The Movie Waffler New Release Review - BLANK | The Movie Waffler

New Release Review - BLANK

Blank review
A writer is trapped in a secluded retreat by a malfunctioning AI.

Review by Eric Hillis

Directed by: Natalie Kennedy

Starring: Rachel Shelley, Heida Reed, Wayne Brady

Blank poster

Stephen King's Misery gets a sci-fi spin, one that mines our growing apprehensions around Artificial Intelligence, in director Natalie Kennedy's confined thriller Blank. Rather than a writer being forced to work by an obsessive fan, the author here is held captive by a malfunctioning android.

At some undetermined point in the all too near future, acclaimed author Claire (Rachel Shelley) is suffering from a case of writer's block. At the behest of her nervy publisher, Claire heads to a secluded retreat designed to help writers focus on their work. The compound, which resembles the sort of loft the protagonists of '90s erotic thrillers always seemed to live in, is run entirely by AI, presenting Claire with two servants. One is an Alexa-like holographic entity, which she names Henry (Wayne Brady). The other is an android named Rita (Heida Reed), who bears the appearance of a stereotypical 1950s housewife and performs similar duties.

Blank review

Claire is also presented with a gadget that attaches to her head in order to stimulate creativity. When the gizmo brings back traumatic childhood memories, Claire dispenses with it, but begrudgingly accepts its aid when she fails to find any natural stimulation.
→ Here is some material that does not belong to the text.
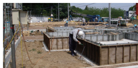
新築・リフォーム工事の木造チーム

道路やお客様宅内での漏水工事・水道設備工事・舗装工事や宅地造成地などでの上下水道工事を実務で修行

This leads to a flashback sub-plot in which we see the young Claire (Annie Cusselle) live out a Cinderella-esque life of confined misery, with her overbearing blind mother (Rebecca Clare-Evans) assuming the role of the ugly sisters.


The idea of a writer rushing towards a deadline takes centre stage when a cyber attack leads to the compound being breached by hackers. Henry goes largely offline while Rita is reset to believe that she can only allow Claire to leave once she has finished writing her book. Unable to access the exits without Rita's approval, Claire is forced to knuckle down and write.

Blank review

Blank examines AI in a couple of ways we haven't seen before. It raises the question of whether a machine can understand art. When Claire presents Rita with what she considers her finished book, the android rejects it, claiming it doesn't have a real ending. As art is chiefly subjective, can it be judged by a machine programmed to view the world through an objective lens? What would an android make of a Jackson Pollock painting?


Kennedy and screenwriter Stephen Herman also delve into how frustrating it can be to interact with modern technology. Rita isn't the usual sort of malevolent machine we expect from sci-fi. She isn't a direct menace but her adherence to a strict code and a thinly defined set of rules means she poses an existential threat to Claire. Watching Claire grow increasingly frustrated by Rita repeating the same stock answers and suggestions, you'll likely think of how annoying it is when a self-serving checkout refuses to scan a barcode, or how a Captcha keeps telling you you've picked the wrong pictures of boats.

Blank review

The ideas Blank brings up are more interesting to ponder than to actually watch play out on screen however. Kennedy shuns the obvious potential for satire inherent in the scenario, resulting in a film that's suffocatingly dry in parts. It never quite works as a horror movie because the threat to Claire isn't immediate enough and Kennedy fails to communicate the idea of time running out in a sufficient manner to generate the requisite tension. The flashback subplot never quite gels with the main narrative. We expect a Shyamalan-esque coalescing of the two in the climax, but the ending of one has no substantial bearing on the other.

Shelley and Reed are both excellent in their respective roles, with the latter giving one of the more convincingly robotic performances I've seen, but the movie never pits their characters against each other in a thrilling enough way to make the sparks truly fly. The film's failure to interrogate why Rita has clearly been designed to appeal to the whims of men also feels like a missed opportunity to question who pulls the strings of our rapidly evolving world.

Blank is on UK/ROI VOD from January 8th.